Tolkien shows the dust of the road and the intermittent boredom which is part of adventure.  It’s in the telling that a story becomes mere transitions from one battle scene to the next.  Attempts were made to bring us into the joke (certainly in the costume design of Radagast and of the dwarves), but Jackson seemed too caught up in the dramatic flourishes and keen lines to present a 3-dimensional embodiment.  Or else, that ‘s what I was hoping to see.  We are expected to transport the de-hobbitization of Samwise, Frodo, Peregrin, and Meriadoc into the backdrop of the hobbit.  I feel we needed a refresher — certainly if we are to be fed this work in bits.

And speaking of bits, Tom Bombadil’s absence from LOTR should ‘ve been redeemed by an appearance in a film already grasping for whimsy.  Tolkien would call Bombadil an intentional enigma, so who better to insert where there is little to cheer or to fret, only varied hordes of dangers to run from and be wared of?  Who better to laugh at the smallness of the great world and its cares?  Such balance is sorely missing.  There was enough care given to the sojourners in LOTR to make up for the grey, but not here.

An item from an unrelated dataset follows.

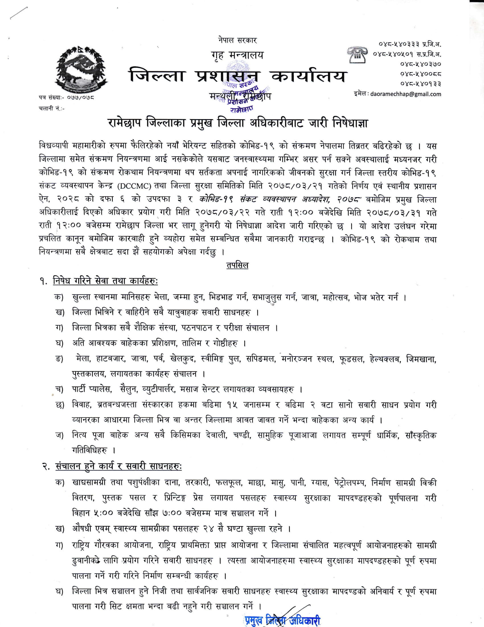जिल्ला प्रशासन कार्यालय रामेछापबाट जारी निषेधाज्ञा (२०७८/०३/२१)
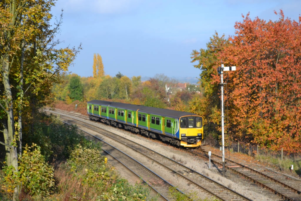 On a sunny autumn day the late afternoon sun casts a long shadow off the signal in front of Network West Midlands livery class 150 3-car diesel multiple unit No.150015. The train is in the 'down' refuge loop which is used to stable stock from trains that terminate at Great Malvern.

I completely fail to understand how Jackson hopes to generate enough suspense in these movies when we are well aware of the extended, world-altering sagas which comprise his LOTR rendition.  How can such be drummed up again without deeply felt characters?  Thorin presents a relatively flat performance, entirely predictable; Martin Freeman as Bilbo can’t surprise when little runs off our expected script; other than Balin, the supporting dwarf cast shows little in range of emotions.  It seems we are left to wonder how they shall so nearly escape absurdly certain death again and again.  But this was masterfully done in LOTR and the second time it is unsurprising altogether.

–Some may notice I am drawing too near a comparison of the Hobbit and LOTR.  Agreed, but the mistake has been made to connect them implicitly by first producing and releasing LOTR so that the proper backdrop is reversed.  What should be left to cover the difference is glaringly missing — revelry.  To add some positive: Andy Serkis’ performance of Gollum is again superb, but Freeman barely acts up to it and again I ‘m left annoyed that I can’t shake my annoyance.  This was so sadly an all-too-expected-journey.